The crucial variation found in the maxillary first molars is the presence of 54 percent chances of the second mesiobuccal canal (Hess 1925). This number seems to vary in the range of 70 to 80 percent (Hartwell and Bellizzi), 56.8 percent incidence of two canals (Cleghorn et al 2006), and a 95 percent chance by (Studebaker B et al 2017). In vivo studies typically report a lower frequency of two canals in the mesiobuccal root because of the clinician’s inability to manipulate the tooth in hand and inconsistency of obturating all root canals leading to high failure rates in endodontic treatment. 6, 15, 16, 17
Root canals are formed due to the secondary dentin apposition that occurs during tooth maturation. This results in dentinal vertical partitions inside the root canal cavity. A third root canal may also be created inside the root canal cavity of maxillary molars by this process. Chances of a second MB, extra DB, and an additional palatal canals occurrence are very sleek yet the possibility should never be ignored and thorough negotiation of the root canal floor has to be done for the ultimate success of the endodontic therapy. Guided troughing under high magnification enables the location of these extra root canals. The diameter of such extra canals is usually smaller than that of the other two. The third mesial canal is defined as being independent when a distinct coronal orifice and apical foramen are observed 18 and defined as being confluent when converging into one of the other two main canals and terminating at a common apical foramen. 19 Oftentimes, due to thin dentinal structure apposed between the root canal chambers, a coalition of confluent canals into a single canal is possible during the biomechanical preparation of root canals which happened in the present case.
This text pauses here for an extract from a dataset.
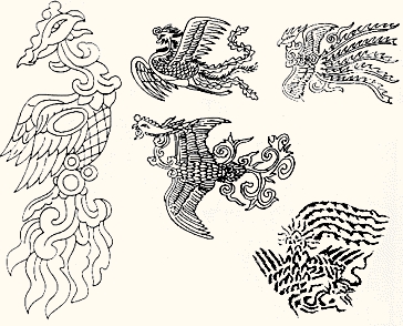 因此,难怪有人考证说:「凤这种鸟的来踪去迹。是由燕子变成了孔雀」。最能概括说明被古人神化了的凤,要算《说文·部》中的注释了:「凤,神鸟也」。「天老曰:凤之像也,鸿前后,蛇颈鱼尾,鹳鸳思,龙文龟背,燕颔鸡喙,五色备举。出于东方君子之国。翱翔四海之外……」。《说文》中所描述的这种形象,对照汉魏时期的凤纹,足证其具有代表性。
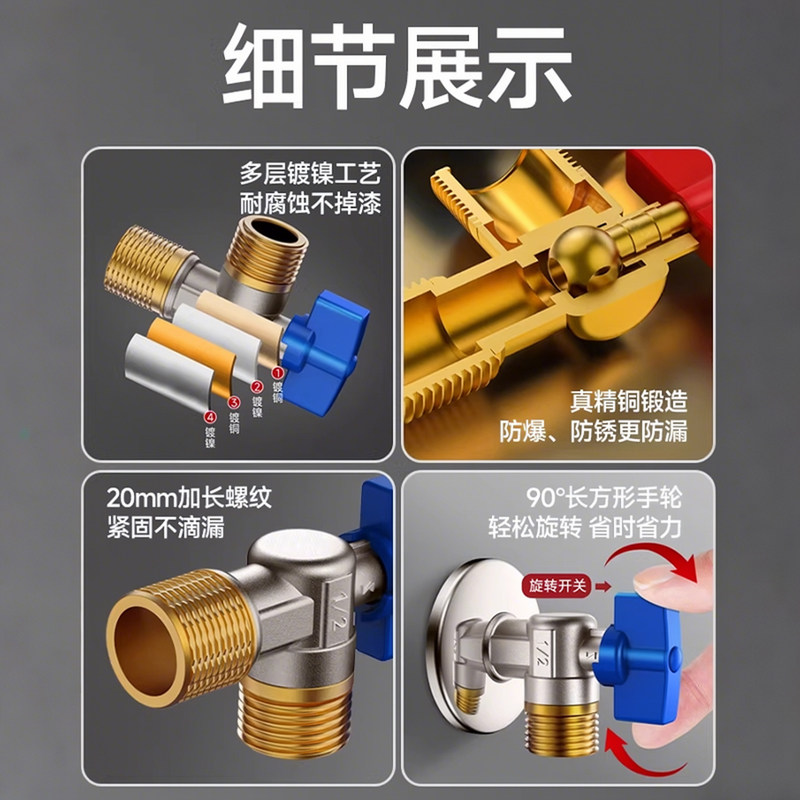 全铜冷热三角阀热水器球阀八字阀门开关家用马桶止水阀全铜加厚

Over the years, numerous root canal configurations have been identified resulting in the proposal of numerous classifications and their modifications. Depending upon the configuration, root canal may exit apically through one or more than one apical foramen. Kottor J et al (2010) presented a case with an MB1, MB2, MB3, DB1, DB2, MP, DP canals which is similar to the present seven canal morphology of maxillary first molar. Although preoperative CBCT evaluation was not done in this case, in the post obturation CBCT presence of seven root canal orifices can be precisely appreciated. Furthermore, this case shows 3-1 configuration in the mesiobuccal root which is classified as type1 anatomy according to Gulabivala, and type XVIII anatomy according to Sert S and Bayirli GS which was an extension to Vertucci classification 20 (Table 2). Adding further, a Vertucci type II classification was evident in the distal and palatal canals. The pulp space separates into three and joins in its course into one. In this present case, CBCT radiograph post obturation shows three apical foramina with seven orifices.
Conclusion
A thorough root canal floor inspection following access cavity preparation aided with a magnifying microscope or loupes can ease up the errors encountered due to aberrant canals. Chances of missing root canals can be eliminated when laws are followed meticulously in parallel with magnification. Therefore, the clinician has to consider this step with paramount importance while doing routine root canal therapy.